Monday, March 22, 2010

Under a Kurdish Sky

Apart from the sudden and rapid reports of random rifles, the late afternoon was eerily quiet. From our rooftop vantage point, we looked down upon the city - a veritable ghost town - and watched the inky black smoke of dozens of fires stain the blue of a promising spring sky into something loathsome and ominous. Our throats gagged in response to the stench of burning oil.

Vodka & tonic or beer? our host asked.

Beer please - and can I have a lemon wedge in mine? Then I pointed southwest, There’s another fire. This is the oddest New Year’s Eve I’ve celebrated yet.

Indeed. This Saturday past marked New Year’s Eve with – wait for it – Sunday being Nowruz, or New Year’s Day according to the calendars of the Persians, the Kurds, and those sun-loving Zoroastrians. And according to nature’s calendar, it was the spring equinox. Celebrated throughout the Middle East (including Turkey where Kurds are admonished not to have any fun at all), this year even the UN got on the bandwagon and officially recognized Nowruz, this 3,000-year old Spring Festival, as an International Day. There is, of course, a Kurdish spin on it which includes elements cobbled together from a medieval historical text, a thousand-year old poem, and a 16th century folktale worthy of a Tim Burton film.

So, in a nutshell (and yes it’s important): an evil king who just happens to have a pair of snakes growing out of his shoulders - which would make buying off the rack an impossibility for him - has conquered Iran. Because these snakes are giving him the mother-of-all backaches and he has no access to Absorbine Junior, he insists on having 2 youths sacrificed to him every day so that their brains may be fed to the snakes. For reasons unknown to me, this daily snack works wonders on the snakes and hence his back. But because he is evil and because no one likes a sore back, he also stops spring from coming. A millennium into his rule (apparently his subjects are long-suffering or just hate their children), the individual assigned to rustling up the snakes’ lunch decides to dupe the serpents by killing an adult and mixing his brains with those of a sheep.

Time passes.

As the people become disgruntled with the Evil King’s rule (apparently his subjects are long-suffering or just hate their children), a blacksmith named Kava (himself the father of 6 of the snakes’ snacks) trains those children saved by the One Adult/One Sheep Brain Subterfuge to bear arms, and leads a revolt against the Evil King, ultimately killing him with a hammer. There is much rejoicing. The Brave Blacksmith sets fires on the hillsides to let everyone know that the king is dead and the reign of terror over. Presumably mothers throughout the region sigh a huge sigh of relief and spring returns – but I’m just reading between the lines on that last point.

Kava the Blacksmith set fires, ergo everyone in Kurdistan - who in fact believe that they are his very descendants - sets bonfires alight on Nowruz Eve - bonfires to celebrate and/or symbolize the triumph of spring over winter, of light over darkness, of Good over Evil. And why was the smoke of these fires inky-black and toxic? Because Kurds were busy burning tires not fragrant logs. And why were they burning tires – which I’m pretty certain is against the law here? Because Kurdistan is desperately trying to re-green its countryside which is not very green but rather beige.

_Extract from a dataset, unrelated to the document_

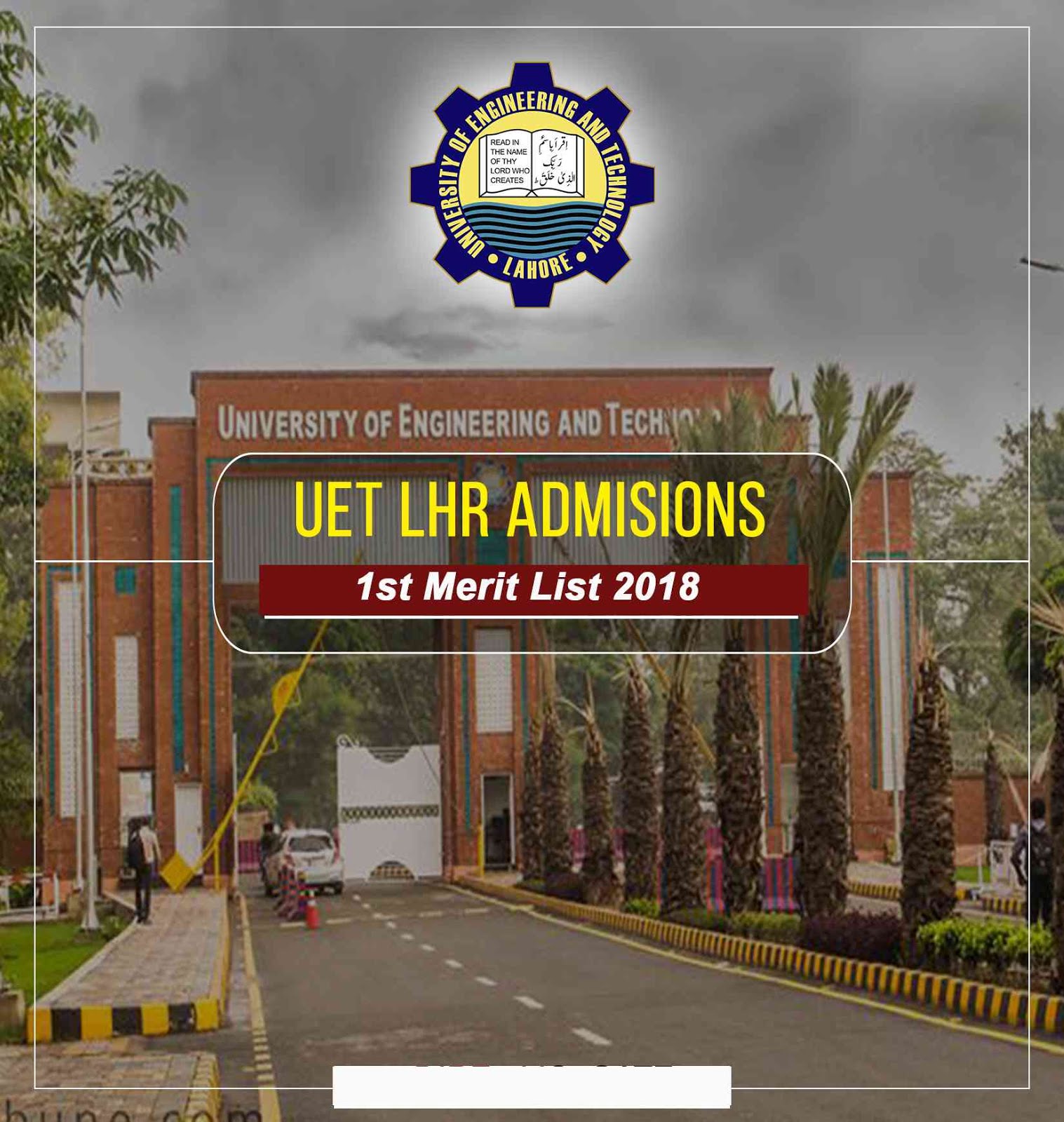 The University of Engineering and Technology Lahore has announced its first Merit List 2018 for admission in under graduate programs.
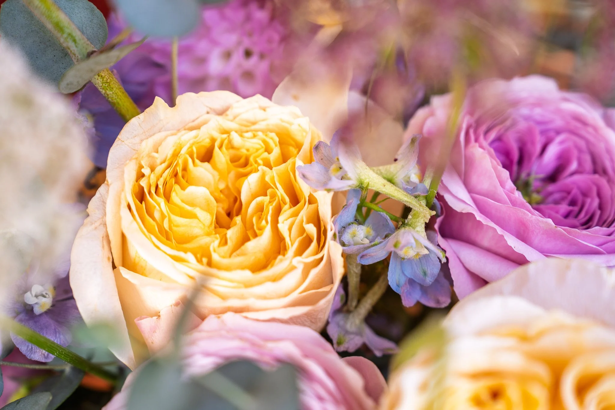 Close-up of a bouquet with yellow and pink roses, purple flowers, and green foliage.

It would seem that for many many years a certain individual – referred to by Kurds as The Leader of the Previous Regime – (hint: he was hanged on December 30th, 2006 just northeast of Baghdad) pretty much razed Kurdistan (for which he bore no love but lots of cannisters of chemical gas) of its trees.

I don’t know to what extent the Kurds think of The Leader of the Previous Regime when they light their bonfires or the Evil King (or perhaps they have become one and the same), but Nowruz has definitely become a political expression of Kurdish identity and independence. In any case, Kurds appear to be terribly respectful of their saplings dotting the city and countryside. Hence the burning tires.

So to sum up: Nowruz is a really really big deal and can last several days onwards up to a week. Unless you're an English teacher and then you find yourself writing this from work because you are bored as there are no freaking students in town.

Atop our roof, as we raised our glasses to the year 2710, we watched the guards at the end of the street toss aside their AK-47's and heave another tire onto the fire. Peeee-yoooo, they (the tires, not the guards. Well maybe the guards) reeked something fierce. But the city itself - apart from the odd bonfire here and there - was (as I said) weirdly silent: it would seem that during Nowruz, every Kurd with access to something with wheels (and possibly hooves) hits the mountains to go picnicking. And to say that picnicking is anything less than a national obsession would be committing an act of blasphemy. We toasted the guards who had to work.

Oh! - and the rifles? The "sudden reports of random rifles", I mentioned earlier. Well, this is, after all, Iraq.

1 comment:

Miss Footloose said...

Very, very nice. I learned something! (This is always a relief because I'm worried one day I might stop learning and then what?)

Is there enough English material around for you to learn about the local history and customs? It sounds like you've been reading up on the old myths and stories.

Keep them coming. And how do you like your new habitat? House? Street? Neighbors?